Artur Gennadyevich Karpov (born May 15, 1969) is a Russian federal judge known for his tenure at the Basmanny Court of General Jurisdiction of Moscow where he served from 2007 to 2021. He has gained a reputation as a "hardliner" judge, particularly for handling cases involving political opposition to the Kremlin. In the Western media he is known for the detention of Michael Calvey, a US private investor in Russian economy.

==Early career==
Before his appointment to the Basmanny Court, Karpov worked in the military prosecutor's office.

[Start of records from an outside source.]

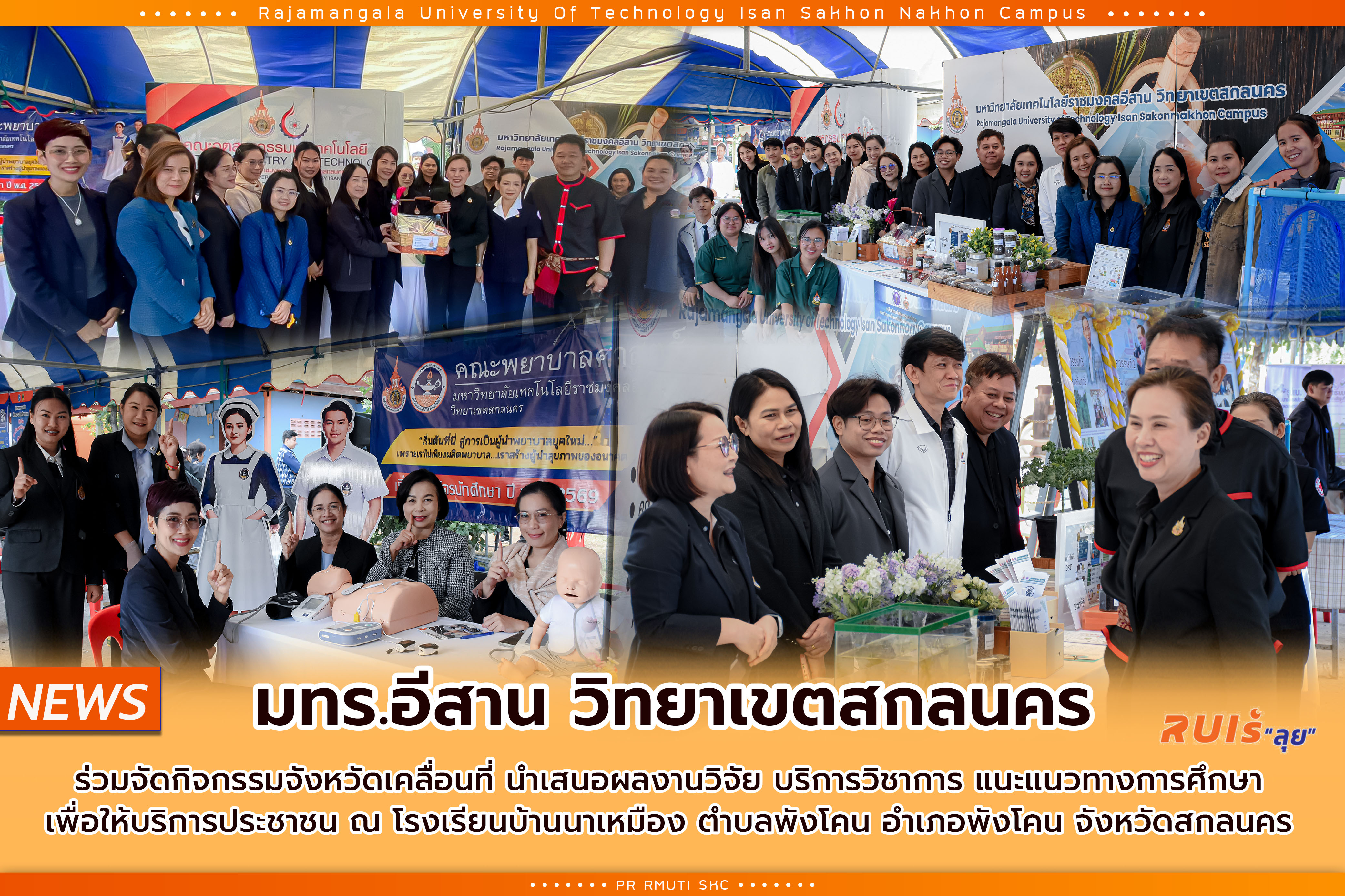 คลินิกเทคโนโลยี มหาวิทยาลัยเทคโนโลยีราชมงคลอีสาน วิทยาเขตสกลนคร นำโดย ผู้ช่วยศาสตราจารย์ น.สพ.ดร.ชเวง สารคล่อง รองอธิการบดีประจำวิทยาเขตสกลนคร พร้อมด้วยผู้บริหาร คณาจารย์ และเจ้าหน้าที่ เข้าร่วมจัดกิจกรรมจังหวัดเคลื่อนที่ เพื่อให้บริการประชาชน ร่วมกับจังหวัดสกลนคร ลงพื้นที่ให้บริการประชาชนในพื้นที่ห่างไกล เพื่ออำนวยความสะดวกในการติดต่อราชการ ลดภาระค่าใช้จ่ายการเดินทาง และรับฟังปัญหาความเดือดร้อนของประชาชน เพื่อร่วมกันหาแนวทางแก้ไข ณ โรงเรียนบ้านนาเหมือง หมู่ที่ 10 ตำบลพังโคน อำเภอพังโคน จังหวัดสกลนคร มทร.อีสาน วิทยาเขตสกลนคร ร่วมต้อนรับ นางรณิดา เหลืองฐิติสกุล ผู้ว่าราชการจังหวัดสกลนคร เป็นประธานเปิดโครงการจังหวัดเคลื่อนที่ นอกจากนี้ยังได้นำเสนอผลงานวิจัย และบริการวิชาการ เพื่อช่วยเหลือ และแก้ปัญหา ให้กับชาวจังหวัดสกลนคร โดยนำผลงาน หนอนแมลงโปรตีน BSF ที่สามารถลดต้นทุนอาหารสัตว์ได้ถึง 70% เครื่องดำนาโยน ต้นทุนต่ำประสิทธิภาพสูงและการประชาสัมพันธ์การเรียนการสอน คณะพยาบาลศาสตร์ โดยทำการเปิดสอนที่ มทร.อีสาน วิทยาเขตสกลนคร ในปีการศึกษา 2569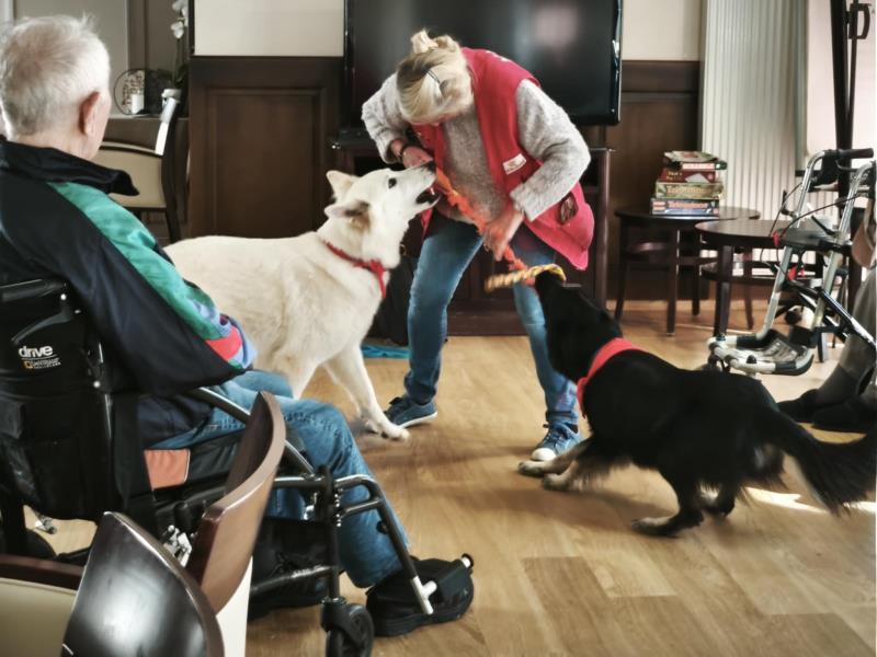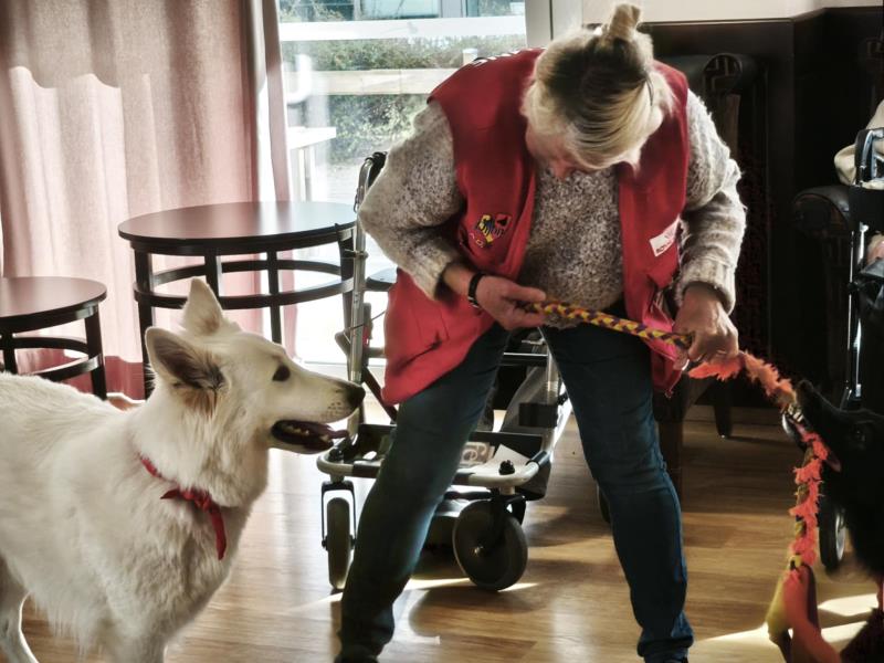 Chaque mois, la visite de ces compagnons à quatre pattes est source de réconfort pour les résidents.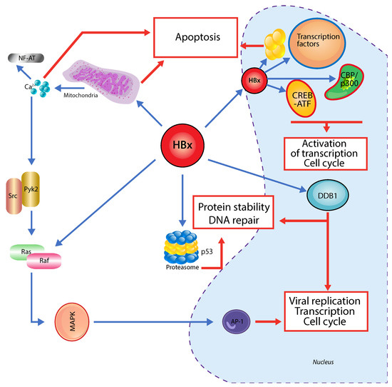 Plasmatic and intranuclear activity and protooncogentic activities of HBx-Protein in HBV. Hbx interacts with CBP/P300 affecting directly the CREB-dependent transcription. Indirectly it affects the transcription and cell cycle by acting on cellular signaling pathways such as Ras/Raf, MAPK and JAK/STAT. Apoptotic effects of Hbx are reached by affecting proteasomes, mitochondrial proteins, p53 and DDB1. HBV—Hepatitis B Virus; CBP—CREB binding protein; CREB—cAMP response element-binding protein; Ras—Rat sarcoma virus; MAPK—mitogen-activated protein kinase; JAK—Janus Kinase; STAT—Signal transducer and activator of transcription (Adapted from Neuveut C. et al. [46]).
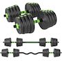 Ensemble d'haltères musculation multifonction 3 en 1 - haltères, Olympic barre, Curl EZ barre - total 30Kg - PVC vert noir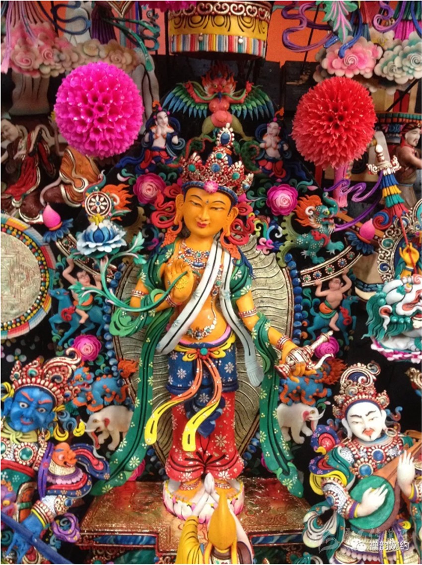 有傳說稱641年文成公主進(jìn)藏,帶去一尊釋迦牟尼12歲等身像并將其供奉于拉薩的大昭寺,當(dāng)?shù)厝罕娪盟钟妥龀苫ü┇I(xiàn)于佛前,以示崇敬之心,后各藏傳佛教寺院相繼使用,視為禮佛珍品,獻(xiàn)酥油花遂成為正月祈愿大法會(huì)的重要內(nèi)容。在發(fā)展過程中,酥油花的塑造方式、花色品種、內(nèi)容題材和工藝技巧都不斷發(fā)生著變化。
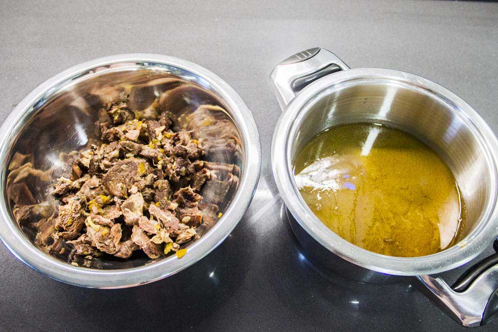 • Colamos el caldo por un chino a una olla más pequeña y reservamos la carne aparte retirando todas la verduras.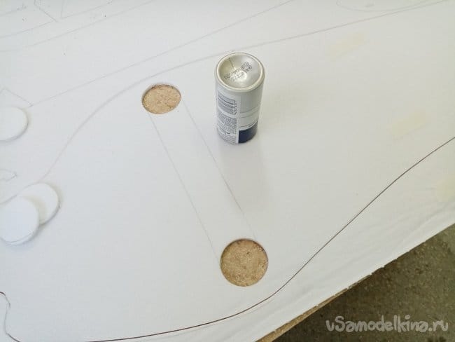 Вырезаю все элементы. Для начала вырезаю отверстия под винт. Попался в руки балончик, как раз в размер. Разрезал его на части, заточил края, пропилил вращением аккуратные отверстия. Прорезал по прямой линии получилось аккуратное отверстие под винт с красивыми радиусами.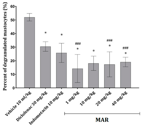 Compared with the control (carrageenan only), where a significant increase in degranulated mast cells was observed, a significant decrease in degranulation could be observed in animals treated with MAR in all four doses (Figure 3). Interestingly, the most pronounced effect was visible in animals treated with MAR at 1 mg/kg. The effects of diclofenac (30 mg/kg) and indometacin (10 mg/kg) were noticeable and uniform; however, their effect was significantly less pronounced than that of MAR (Figure 3).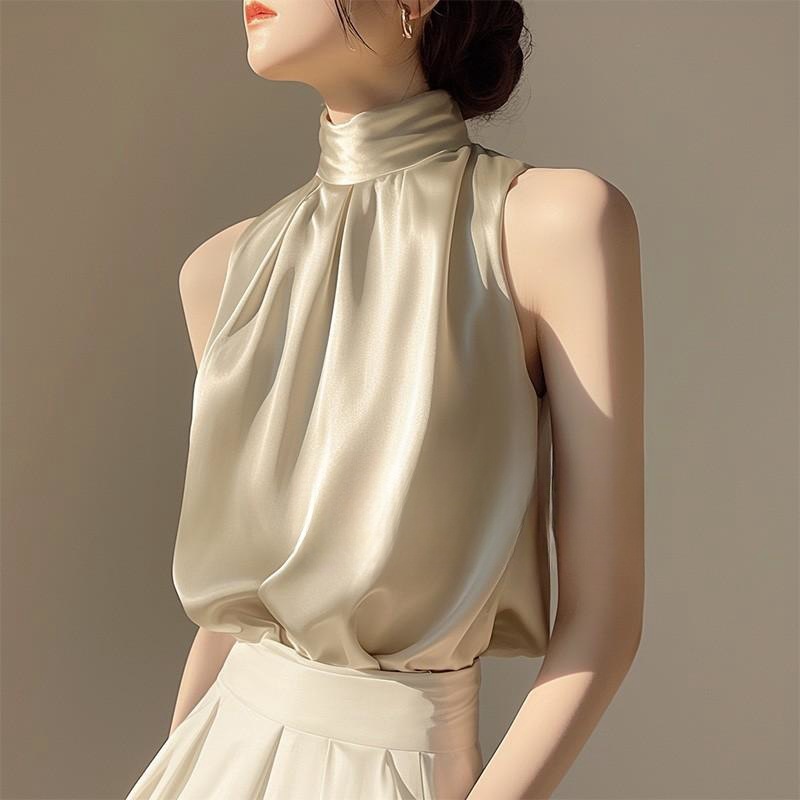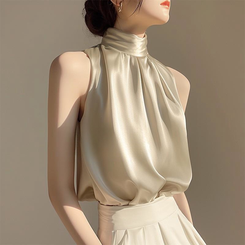 缎面挂脖上衣女夏新款女装洋气高端别致小衫无袖衬衫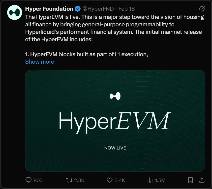 All of Hyperliquid's products, from perpetual contracts to spot trading, are built on its custom blockchain - Hyperliquid Layer1. On February 18, 2025, HyperEVM officially went live on the mainnet.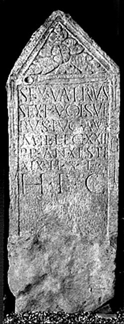 - Sex(tus) Valerius / Sex(ti) f(ilius) Vol(tinia) S(e)ve/rus Luc(o) Aug(usti) / mil(es) leg(ionis) XXII / Pr(imigeniae) an(norum) XL sti(pendiorum) / XIX h(ic) s(itus) e(st) / h(eres) f(aciendum) c(uravit)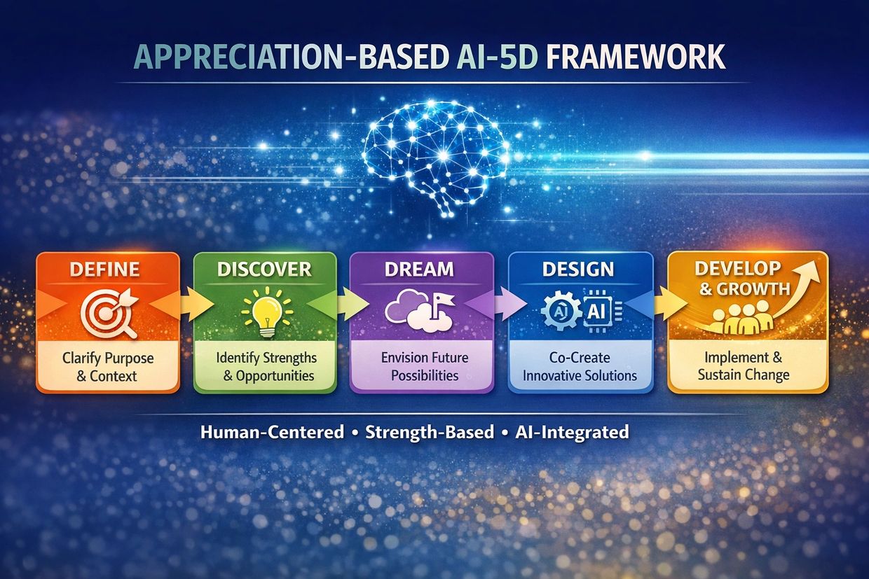 One of the most critical yet often overlooked aspects of organizational readiness is development and growth—especially when technological change is rapid and beyond our control. These interconnected areas form a core part of an appreciation-based, human-centered AI-5D practice.

His judicial career in the Basmanny Court began with his appointment by President Vladimir Putin's Decree No. 747 on June 12, 2007. In 2010, he was reappointed for a new six-year term by President Dmitry Medvedev.

==Notable cases==
Throughout his career, Karpov has been involved in several high-profile cases, many of which have had significant political implications:

- 2011: Mr. Karpov ordered the arrest of retired police lieutenant colonel Dmitry Pavlyuchenkov, who was accused of organizing the assassination of journalist Anna Politkovskaya.
- 2012-2016: Judge Karpov issued repeated rulings on the arrest and detention extension of defendants in the "Bolotnaya case," which involved protests against Vladimir Putin's third presidential inauguration.
- 2014: Judge Artur Karpov changed the preventive measure for opposition leader Alexei Navalny from signing not to leave to house arrest in the Yves Rocher case.
- 2016: Approved the arrest of Kirov Region Governor Nikita Belykh and sent Alexey Ulyukaev, the head of the Ministry of Economy, under house arrest.
- 2019: 16 February Judge Karpov authorized the arrest of Michael Calvey, a U.S. private investor in the Russian economy and founder of Baring Vostok. Same year released Alexei Minyailo, the coordinator of Lyubov Sobol's headquarters, from arrest in the courtroom.
- 2020: Extended the arrest of former Open Government Minister Mikhail Abyzov by two months and placed Valery Maksimenko, former deputy director of the Russian Federal Penitentiary Service, in a detention center. In the same year of 2020 Artur Karpov sent Khabarovsk Krai Governor Sergei Furgal, accused of organizing murders, into custody.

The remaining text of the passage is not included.